Relations between Argentina and Lebanon were limited during the Lebanese Civil War. In 1998, Argentina President Carlos Menem paid a three-day official visit to Lebanon. During the visit, President Menem met with Lebanese President Elias Hrawi and promoted enhanced trade relations between both nations. In 2012, Lebanese President Michel Sleiman paid an official visit to Argentina and meet with Argentine President Cristina Fernández de Kirchner.

In May 2016, Argentine Foreign Minister Susana Malcorra paid a visit to Lebanon. During her visit, she met with various local organizations assisting refugees affected by the Syrian Civil War and visited a Syrian refugee camp close to the Lebanese-Syrian border. That same year, Argentina agreed to resettle 3,000 Syrian refugees from Lebanon.

==High-level visits==
High-level visits from Argentina to Lebanon
- President Carlos Menem (1998)
- Foreign Minister Susana Malcorra (2016)

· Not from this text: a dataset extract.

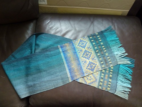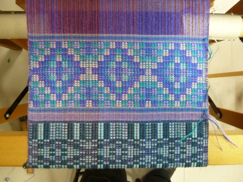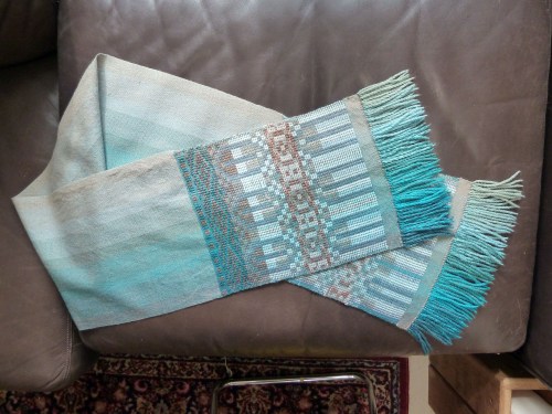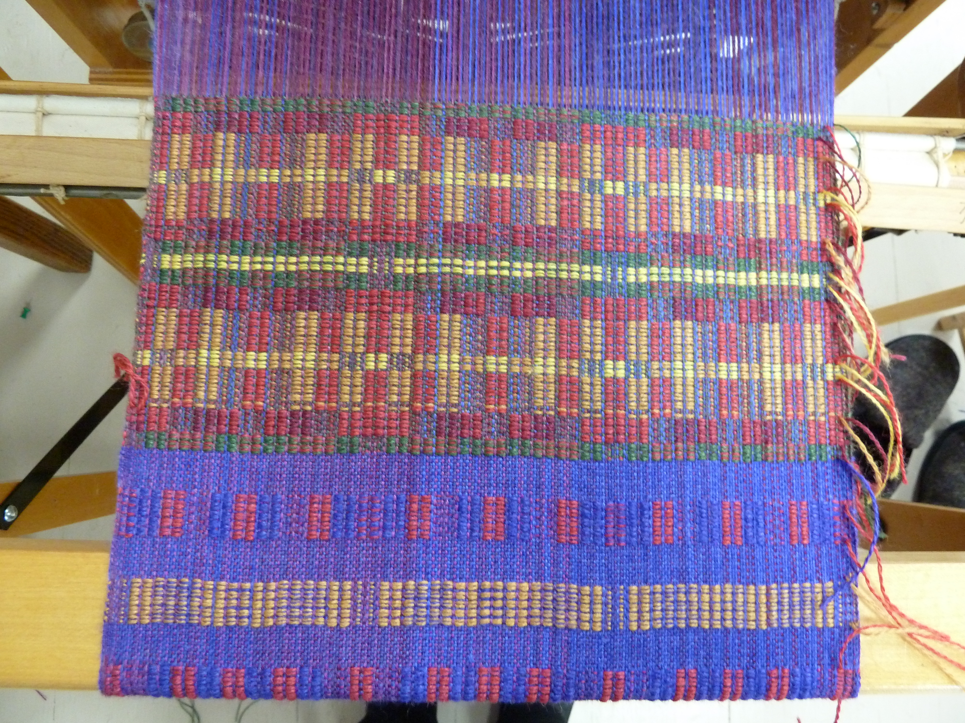 While working on these, I was getting increasingly frustrated by trying to use my little loom (a “Baby Mac”, Macomber model CP folding portable) for serious work. It is great for taking to workshops, fits in the back of my Honda CR-V, and it actually works great. But the treadles are small and spaced close together, it does have a tendency to have the tie-up hooks pop off on a regular basis, and this time around one of the folding struts folded up on me and I didn’t figure out why the tension was so far off on one side until it was too late. I thought I had just done a poor job putting the warp on.

High-level visits from Lebanon to Argentina
- President Camille Chamoun (1954)
- President Michel Sleiman (2012)
- Foreign Minister Gebran Bassil (2014)

==Bilateral agreements==
Both nations have signed a few bilateral agreements such as an Agreement on Trade and Economic Cooperation; Agreement for Technical Cooperation and an Agreement on Tourism Cooperation.

==Trade==
In 2017, trade between Argentina and Lebanon totaled US$110 million. Argentina's main exports to Lebanon include: beef, yerba mate, soy, garbanzo beans and dairy based products. Lebanon's main exports to Argentina include: preserved and canned food, dried fruit and chemicals for agricultural purposes.

==Resident diplomatic missions==
- Argentina has an embassy in Beirut.
- Lebanon has an embassy in Buenos Aires.